すべてのものを諦めたかのようなこの無表情が、社会的にどんな意義を持つかといった域ではとらえようもない、顔そのものの迫力となって見る者を圧倒する。

 その表情が表現する感情などといったものを超え、顔だけが意味もわからず異様な衝撃となってスクリーンから飛び込むこの迫力。これこそ大河内傳次郎が発揮し続けた魅力であった。それに近いものを、今、トム・ハンクスに見ることができるとは…。
 トム・ハンクスの『キャスト・アウェイ』は、先のエイゼンシュテイン=マイケル・カーティス的な不均衡を恐れずに言えば、大河内傳次郎の『忠次旅日記』に似ている。『忠次旅日記 信州血笑篇』のラストで、忠次はぼろぼろになって去っていく。しかし、『忠次旅日記 忠次御用篇』の冒頭では、造酒屋の番頭として別人と見紛うような姿を見せる大河内傳次郎。

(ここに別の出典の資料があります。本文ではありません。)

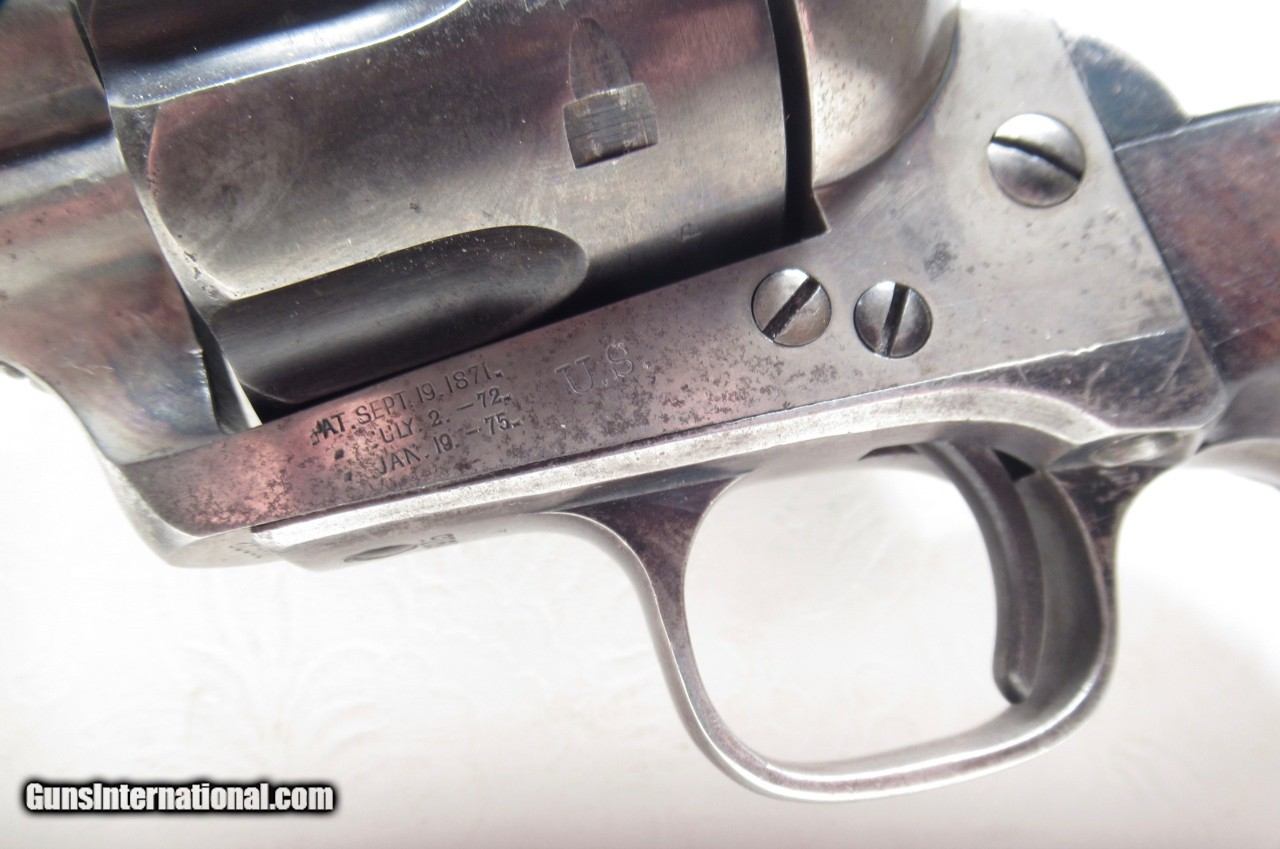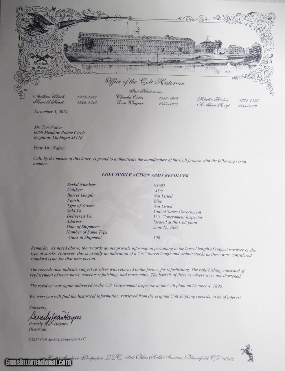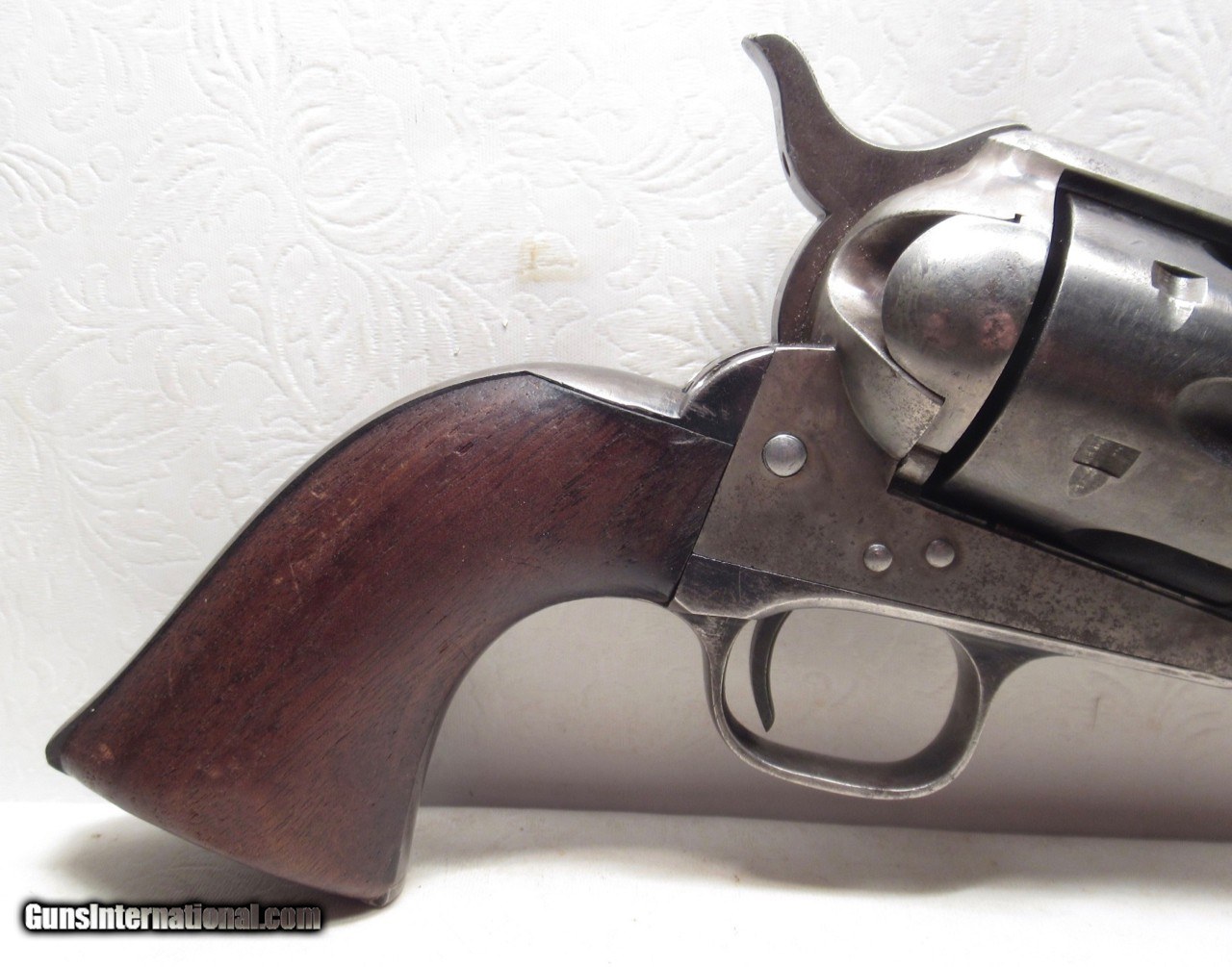 Colt Single Action Army Revolver; Serial No. 93692; Per Included Factory Letter: .45 Caliber, Blue Finish, Shipped June 15, 1883 as Part of a 100 Gun Shipment; Revolver Returned to Factory for Refurbishing and Reassembled for N.Y. Militia; 7 ½” Barrel Not Shortened; Shipped Again in 1895 to N.Y. Inspector; Trigger Guard #6915; This Rare Colt Appears to be 100% Correct with Perfect Tight Action and Perfect Bore; Decent Metal Finish; “RAC” Marked Grips; See All Photos for Condition; No Texts; Call (254)541-5765 or Email Only; PERSONAL PROPERTY of Harold Wieser; NOTICE: We Do Not Do Any Consignments - All Items Listed are Owned by Us - NO SALES to New Jersey or New York City - Antiques Only to Massachusetts and California; NOTE: All Modern Firearms Must Go to FFL Dealer who will Accept From Individual with Texas Driver License; Price: $5,500 + $50 S&H Via USPS Priority Mail; Payment Address: Harold Wieser - 1466 U.S. Hwy 77 - Rosebud, TX 76570; SEND PAYMENTS VIA USPS PRIORITY MAIL; BEWARE of SCAMS!!! - DO NOT SEND MONEY or CORRESPONDENTS ELECTRONICALLY UNLESS YOU HAVE SPOKEN to HAROLD WIESER FIRST! (254)541-5765

 大河内傳次郎は好んで一人二役を演じたが、それは一個の俳優が見せる変化を強調したかったがゆえなのだろう。こうした変化を、トム・ハンクスは、中風で身体が動かなくなる『忠次旅日記 忠次御用篇』の大河内傳次郎よりも、さらに静的な迫力をもって実現している。

 ヘレン・ハントと別れねばならないシーンでの、諦念に満ちた姿と表情、そしてラストのあの表情。大河内傳次郎生誕百年の後、ついにそれに次ぐ映画俳優が現れたことを確信できる瞬間が訪れたのだ。
 『キャスト・アウェイ』のトム・ハンクスを全面的に受け入れたい。今後の活躍に瞠目したい。そして、何よりも、3度目のアカデミー賞などという不名誉な事態には陥ってほしくない。今の願いはそれだけだ。